Há 50 anos, todo mês de julho, Thomaz Soares da Silva, o Zizinho, melhor jogador da Copa de 50, ouve o seu telefone tocar o dia inteiro.
Só atende amigos e parentes, por intermédio de um código que criou para filtrar as chamadas.
Não aguenta mais responder as mesmas perguntas. É a mesma impaciência que quase o levou, como revela na entrevista a seguir, a abandonar a concentração da seleção às vésperas das finais daquele Mundial.
Morando em Niterói, completamente lúcido aos 78 anos, aposentado como fiscal de renda do Estado do Rio, Zizinho curte a vida.
"Sou do samba. Vou ao samba toda semana, com uma turma da pesada." (FÁBIO VICTOR)

Folha - Você mantém contato com os jogadores do Brasil da Copa de 50?
Zizinho -
As pessoas estão muito distantes. Não pertenço a grupo nenhum. Quando os uruguaios vêm aqui procuro estar com eles, porque quando vou lá eles me recebem bem.

Folha - Parece que você tem com os uruguaios uma relação melhor do que com os brasileiros...
Zizinho -
É melhor, porque aqui a gente não pode conversar outra coisa senão a derrota do Brasil. Infelizmente. Mas é a imprensa brasileira que mantém essas coisas, porque, para nós, isso acabou.

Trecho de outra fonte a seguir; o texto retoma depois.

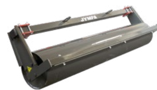
Rouleau lisse Ø 325 mm

Folha - Com quem você tem maior ligação?
Zizinho -
O Obdulio era muito ligado a mim e ao Ademir, o Gambetta também. Quando vinham ao Brasil, não gostavam de ficar em hotel, pediam ao Ademir para arranjar um apartamento. Gostavam de bagunça, de ir a shows, cantar. Mas perdemos o Obdulio, o Gambetta, a coisa ficou braba.

Folha - É verdade que todo o resto do time é brigado com o Juvenal?
Zizinho -
Nunca brigamos. As pessoas inventam muita lenda. Há 50 anos ligam para a gente perguntando as mesmas coisas. Isso é a morte. O Barbosa reclamava que o haviam condenado a uma pena perpétua, mas não é só ele. Somos todos nós, é como se fosse uma sentença de morte.

Folha - O que mais o perturba?
Zizinho -
A imprensa é que me incomoda. Será que não notam que estão sendo chatos, fazendo com que a gente responda as mesmas perguntas há 50 anos?

Folha - É que vocês acabaram entrando para a história do Brasil...
Zizinho -
Entramos, mas pela porta do inferno.
E aquela foi uma derrota como outra qualquer. Há dois anos (na final da Copa-98), perdemos de um jeito burro, fazendo um bando de bobagens, mas passa um ano e ninguém fala mais. O Brasil é um festival de besteiras há anos e anos e anos. E só nós que pagamos por isso?

Folha - O que você acha do trabalho do Luxemburgo?
Zizinho -
Acho que a única falha que ele teve foi ter aceitado (o cargo de técnico). Porque não é ele quem escala. Essa firma que patrocina o Brasil (Nike) não escala o time? Como é que ele permite isso? Esse é um país de vendidos mesmo. E só nós pagamos isso. Eles deveriam ser presos.

Folha - Daquela derrota, o que marca você ainda hoje?
Zizinho -
Nós sabíamos que teríamos um osso duro pela frente, mas ninguém pôde pensar no jogo. O Uruguai era melhor que nós, mas ninguém conseguiu se concentrar em nada. Era político a toda hora. Não tivemos um minuto de sossego. Tive vontade de ir embora. Não fui para não ser eliminado do futebol, porque estava com o saco cheio daquilo.

Folha - Você ainda pensa muito naquele jogo?
Zizinho -
Nem tomo conhecimento daquilo, somente no mês de julho. Aquilo ali passou para mim uma semana depois.

Folha - Você acha que essa história é eterna?
Zizinho -
É, não vai acabar. E sabe por quê? Qual é a sua idade?

Folha - 28.
Zizinho -
Pois é. Isso faz 50 anos e você está me perguntando tudo em detalhes. Depois seu filho vai ler o que você escreveu...

Folha - E no domingo (hoje), o que você vai fazer?
Zizinho -
Domingo é que dia mesmo?

Folha - Dia 16 de julho, 50 anos da final da Copa de 50.
Zizinho -
Não me diz nada. Vou fugir desse negócio para não ter que ficar respondendo a essas perguntas.